ATLAS multilingual scaling laws for global language model training
Most AI usage now spans many languages, but public scaling research has mainly focused on English-only models. ATLAS, a new multilingual scaling-law study from Google DeepMind and Google Cloud, provides quantitative guidance on how model size, data volume, and language mix interact when serving hundreds of languages.
Executive snapshot
ATLAS is the largest public multilingual pretraining study to date and proposes practical rules for adding languages without sacrificing model quality.
- Over 50% of AI model users speak non-English languages, yet prior public scaling laws focus largely on English-only training, leaving a gap for teams building for global users [S2][S3].
- ATLAS runs 774 multilingual pretraining experiments on 10M-8B parameter models, covering 400+ languages in training, evaluating on 48 languages, and estimating cross-lingual transfer for ~1,400 language pairs [S1][S2].
- When doubling the number of training languages from K to 2K, ATLAS finds that increasing model size by 1.18× and total data by 1.66× maintains performance, even though per-language data falls to 83% of the original level [S1].

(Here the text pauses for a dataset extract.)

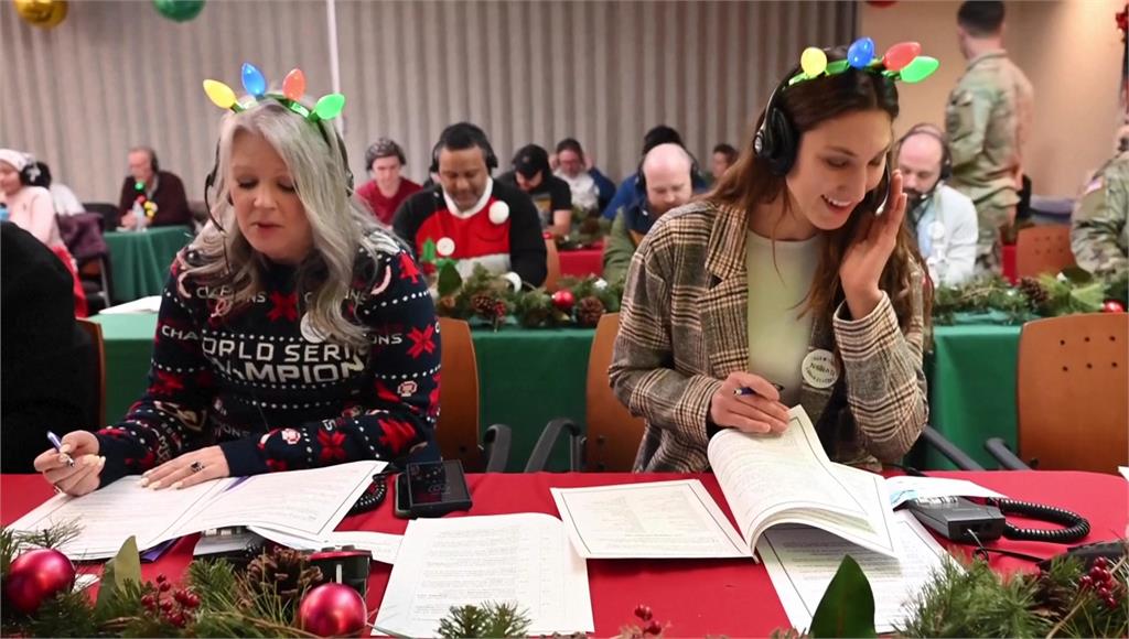 從此每年平安夜,北美防空司令部就會舉辦「追蹤耶老」活動。圖/美聯社北美防空司令部今年更首度開放官網直撥電話,有上千名志工值班,接聽各地小朋友的詢問電話,傳遞濃厚的佳節氣氛。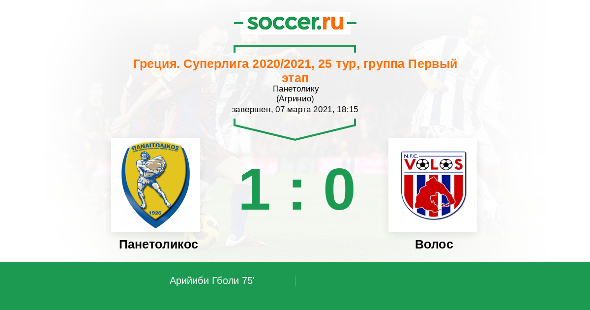 Протокол матча Панетоликос против Волос

- Training with a multilingual vocabulary and fully multilingual data carries a measurable compute tax compared with monolingual training at the same quality level, especially for English, while low-resource languages show diminishing returns once available data is exhausted [S2].
- For 2B-parameter models, fine-tuning a strong multilingual checkpoint outperforms pretraining from scratch until roughly 144-283B training tokens; beyond that range, pretraining from scratch tends to yield better ultimate performance, with the crossover point rising with model size [S1][S2].
Implication for marketers and product teams: multilingual coverage can be expanded with modest extra compute if language mixes and model choices follow ATLAS-style scaling rules, making wider language support more cost-predictable than before.
ATLAS study design, datasets, and multilingual model samples
ATLAS (ATLAS: Adaptive Transfer Scaling Laws for Multilingual Pretraining, Finetuning, and Decoding the Curse of Multilinguality) is presented as an ICLR 2026 paper and summarized in a Google Research blog post [S1][S2]. It focuses on how to choose model size, data volume, and language mixtures when training large language models to serve many languages at once.
Key study and dataset facts
- Authors and sponsors: Led by Shayne Longpre (Google Cloud) and Sayna Ebrahimi (Google DeepMind), with collaborators at Google [S2].
- Model scale: 10M-8B parameters, with 774 multilingual pretraining runs covering monolingual, bilingual, and massively multilingual configurations [S1][S2].
- Data: Uses MADLAD-400, a web-scale corpus spanning 400+ languages [S4].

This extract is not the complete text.